Comments on this point out that this is not an unusual customer service experience.
I do want to concede that AIs like GPT4 are quantitatively more "disconnected from reality" than humans, in an important way, which will lead them to "lie" like this more often. I also agree that GPT4 lacks the overall skills which would be required for it to make its way through the world autonomously (it would fail if it had to apply for jobs, build working relationships with humans over a long time period, rent its own server space, etc).
However, in many of these respects, it still feels comparable to the low end of human performance, rather than entirely sub-human. Autonomously making one's way through the world feels very "conjunctive" -- it requires the ability to do a lot of things right.
I never meant to claim that GPT4 is within human range on every single performance dimension; only lots and lots of them. For example, it cannot do realtime vision + motor control at anything approaching human competence (although my perspective leads me to think that this will be possible with comparable technology in the near future).
In his comment, Matthew Barnett quotes Tobias Baumann:
I think we find ourselves in a somewhat surprising future where machine intelligence actually turns out to be meaningfully "human-level" across many dimensions at once, although not all.

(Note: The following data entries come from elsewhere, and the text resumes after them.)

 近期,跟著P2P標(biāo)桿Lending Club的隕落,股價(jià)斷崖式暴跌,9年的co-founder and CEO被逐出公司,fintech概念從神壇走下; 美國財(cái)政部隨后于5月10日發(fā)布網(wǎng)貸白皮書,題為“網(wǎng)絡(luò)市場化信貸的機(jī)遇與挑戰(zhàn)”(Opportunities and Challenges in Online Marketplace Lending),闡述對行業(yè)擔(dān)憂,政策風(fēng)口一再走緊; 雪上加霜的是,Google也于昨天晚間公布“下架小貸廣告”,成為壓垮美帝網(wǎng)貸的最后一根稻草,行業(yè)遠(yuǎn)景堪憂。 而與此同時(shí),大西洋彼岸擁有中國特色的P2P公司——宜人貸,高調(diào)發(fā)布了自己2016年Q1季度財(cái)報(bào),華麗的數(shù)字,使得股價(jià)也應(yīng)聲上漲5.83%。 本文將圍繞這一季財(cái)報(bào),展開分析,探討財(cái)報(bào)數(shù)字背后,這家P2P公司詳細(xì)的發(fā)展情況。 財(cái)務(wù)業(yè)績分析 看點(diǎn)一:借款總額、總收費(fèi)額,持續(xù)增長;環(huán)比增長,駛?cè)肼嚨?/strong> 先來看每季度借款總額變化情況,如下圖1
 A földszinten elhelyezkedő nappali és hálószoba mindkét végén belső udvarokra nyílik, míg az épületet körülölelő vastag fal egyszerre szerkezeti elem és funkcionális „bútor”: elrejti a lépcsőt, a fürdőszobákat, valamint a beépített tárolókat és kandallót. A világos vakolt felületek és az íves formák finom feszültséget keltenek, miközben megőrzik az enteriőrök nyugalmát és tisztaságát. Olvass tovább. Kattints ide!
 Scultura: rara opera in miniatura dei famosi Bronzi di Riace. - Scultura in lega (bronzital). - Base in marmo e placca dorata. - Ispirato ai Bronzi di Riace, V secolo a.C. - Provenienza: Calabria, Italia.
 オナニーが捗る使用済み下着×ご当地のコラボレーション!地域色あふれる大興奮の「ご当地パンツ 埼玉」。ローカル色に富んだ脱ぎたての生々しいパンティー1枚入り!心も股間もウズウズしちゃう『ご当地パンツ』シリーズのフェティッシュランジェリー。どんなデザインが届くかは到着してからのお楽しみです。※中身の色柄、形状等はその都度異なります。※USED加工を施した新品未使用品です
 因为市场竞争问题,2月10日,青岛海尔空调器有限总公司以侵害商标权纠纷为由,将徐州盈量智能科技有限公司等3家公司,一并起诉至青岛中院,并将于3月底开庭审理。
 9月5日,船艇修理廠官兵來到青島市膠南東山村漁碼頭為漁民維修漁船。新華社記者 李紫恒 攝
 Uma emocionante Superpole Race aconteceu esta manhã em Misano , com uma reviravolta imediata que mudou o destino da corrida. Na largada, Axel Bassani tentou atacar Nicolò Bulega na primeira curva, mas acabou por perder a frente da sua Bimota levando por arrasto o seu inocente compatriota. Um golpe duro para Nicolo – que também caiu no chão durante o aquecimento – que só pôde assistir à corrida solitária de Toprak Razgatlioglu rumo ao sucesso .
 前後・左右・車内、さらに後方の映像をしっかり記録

Anyway, the second cluster of responses I mentioned is perhaps even more interesting. Steven Byrnes has explicitly endorsed "moving the goalposts" for AGI. I do think it can sometimes be sensible to move goalposts; the concept of goalpost-moving is usually used in a negative light, but, there are times when it must be done. I wish it could be facilitated by a new term, rather than a redefinition of "AGI"; but I am not sure what to suggest.
I think there is a lot to say about Steven's notion of AGI as the-ability-to-gain-capabilities rather than as a concept of breadth-of-capability. I'll leave most of it to the comment section. To briefly respond: I agree that there is something interesting and important here. I currently think AIs like GPT4 have 'very little' of this rather than none. I also thing individual humans have very little of this. In the anthropological record, it looks like humans were not very culturally innovative for more than a hundred thousand years, until the "creative explosion" which resulted in a wide variety of tools and artistic expression. I find it plausible that this required a large population of humans to get going. Individual humans are rarely really innovative; more often, we can only introduce basic variations on existing concepts.

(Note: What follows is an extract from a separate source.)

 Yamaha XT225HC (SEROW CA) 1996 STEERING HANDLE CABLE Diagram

I'm saying "transformers" every time I am tempted to write "LLMs" because many modern LLMs also do image processing, so the term "LLM" is not quite right.
Obviously, this claim relies on some background assumption about how you come up with new tasks. Some people are skilled at critiquing modern AI by coming up with specific things which it utterly fails at. I am certainly not claiming that modern AI is literally competent at everything.
However, it does seem true to me that if you generate and grade test questions in roughly the way a teacher might, the best modern Transformers will usually fall comfortably within human range, if not better.